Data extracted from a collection
- - - - - - -

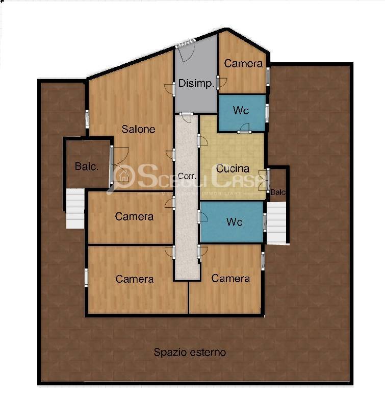 L'immobile si sviluppa su una superficie di 128 mq composto da: ingresso su disimpegno, salone doppio con accesso al terrazzo, tre camere da letto finestrate, cucina abitabile con accesso allo spazio esterno e due servizi.
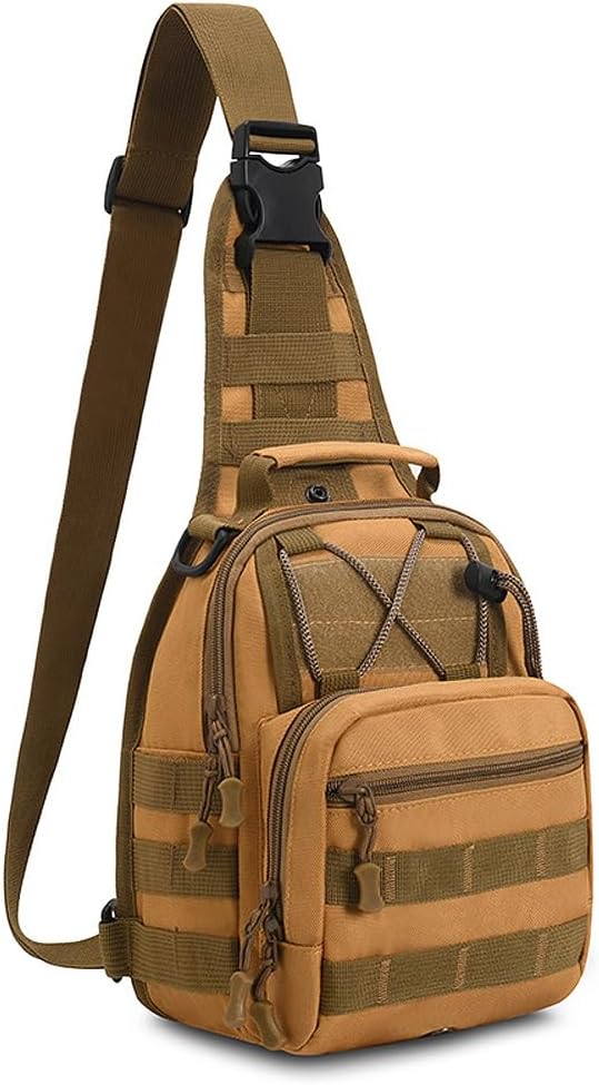 Viriber Tactical Backpack, Waterproof Military Cross-body Molle Sling Shoulder Backpack Chest Bag for Outdoor Every Day Carry Khaki
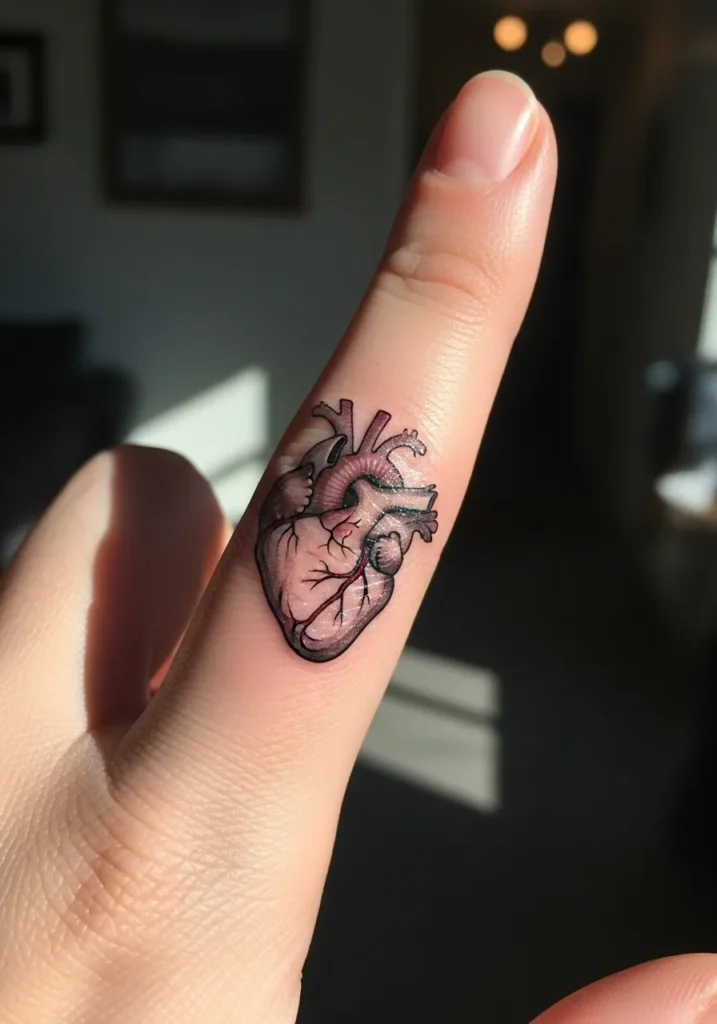 This small realistic heart sits neatly on the side of the finger with fine lines showing tiny vessels and gentle shading creating soft dimension. The light patch of redness around it makes the design look freshly done which adds to its authenticity. Despite the tiny size the detail is surprisingly sharp.
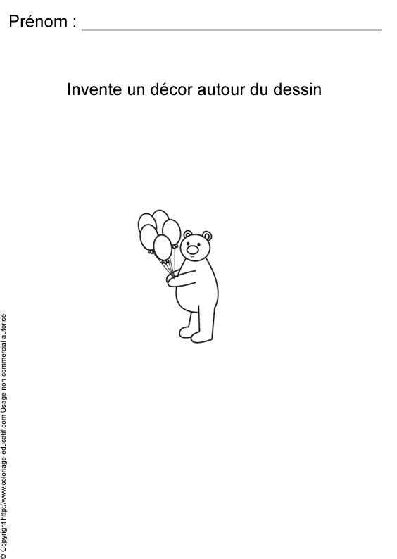 ![]() L'enfant doit imaginer un décor autour de l'ours et ses ballons et ensuite colorier son dessin. |
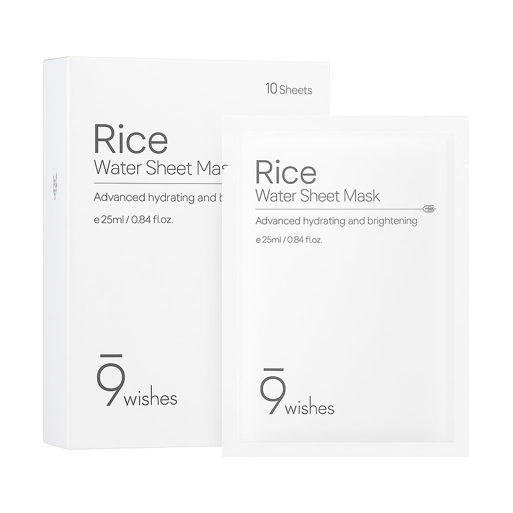 9wishes Rice Water Sheet Mask 25ml x 10 Sheets Hydrating & Brightening, K-Beauty
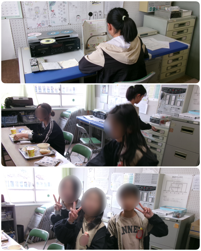放送委員さんは、3人ずつ、交代で放送を担当しています。

- - - - - - -

__THE TASK__.
Each line from the one containing "son dessin. |" through the last line of the data should be written out exactly. Skip the pictures, and add no other lines.

__SOLVED EXERCISE__.
 ![]() L'enfant doit imaginer un décor autour de l'ours et ses ballons et ensuite colorier son dessin. |
 9wishes Rice Water Sheet Mask 25ml x 10 Sheets Hydrating & Brightening, K-Beauty
放送委員さんは、3人ずつ、交代で放送を担当しています。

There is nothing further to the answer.